It has been found that the best way to impart an electrostatic charge to paint is to produce air ions that are intimately mixed with the paint particles that can be either liquid or solid. To this end, needle electrodes connected to a high voltage source have been used in prior art electrostatic spray guns. The best result seems to have been achieved when a sole properly located needle electrode has been used. Alternatively, the paint nozzle itself has been utilized as an electrode in some prior art spray guns. Then, the nozzle has been made of metal and connected to high voltage. This is a more robust construction but it is not as efficient as the ones having needle electrodes. In one prior art spray gun for liquid paint, a sole needle electrode extends axially through the discharge orifice of the nozzle. Although its charging properties are good, the electrode has disadvantages. One major disadvantage is that the paint pattern is seriously biased when the needle is not quite coaxial with the discharge orifice.

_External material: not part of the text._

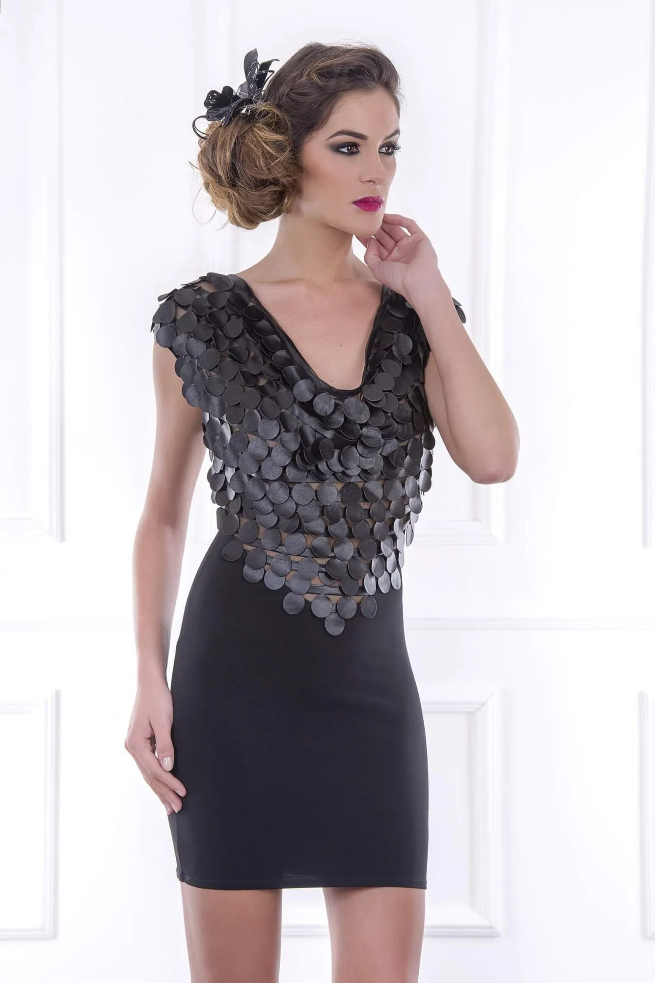 Короткое черное платье Osisko из коллекции Tome 13 от французского модельера Patrice Catanzaro придаст Вашему образу соблазнительности и чувственности. Оно изготовлено из эластичного материала, благодаря которому будет идеально облегать Вашу фигуру, выделяя все ее достоинства. Платье богато украшено мягкими пайетками "под кожу", сквозь которые можно мимолетом увидеть очертания груди. А крупный вырез сзади обнажит спину, делая Ваш облик еще более манящим и соблазнительным.

It is an object of the invention to provide electrostatic spray guns which efficiently charge the liquid or solid paint particles and which withstand negligent handling without their charging efficiency becoming decreased. Another object is to provide a simple and reliable connection of high voltage to the charging electrodes of an electrostatic spray gun. An ancillary object is to provide an electrostatic spray gun which in use is not apt to produce sparking.
In accordance with the present invention, a nozzle for an electrostatic spray gun comprises a non-conductive first body and a second body at least partly covered by the first body, the second body consisting essentially of a non-conductive matrix having electrically conductive particles dispersed therein. The second body is coupled to a source of high voltage. The second body defines a discharge orifice for the paint, and an annular surface of the second body around the discharge orifice includes a plurality of exposed conductive particle surfaces forming a plurality of electrodes for producing air ions. A plurality of the exposed conductive particle surfaces comprise a substantial portion of the maximum cross-section of the respective particle, the exposed particle surfaces being substantially coplanar with the immediately adjacent surface of the non-conductive matrix material.
The invention is further described with reference to the accompanying drawings in which an electrostatic spray gun intended for liquid paint is shown by way of example. The invention can be applied also to an air-less spray gun and to a powder spray gun although such embodiments are not illustrated.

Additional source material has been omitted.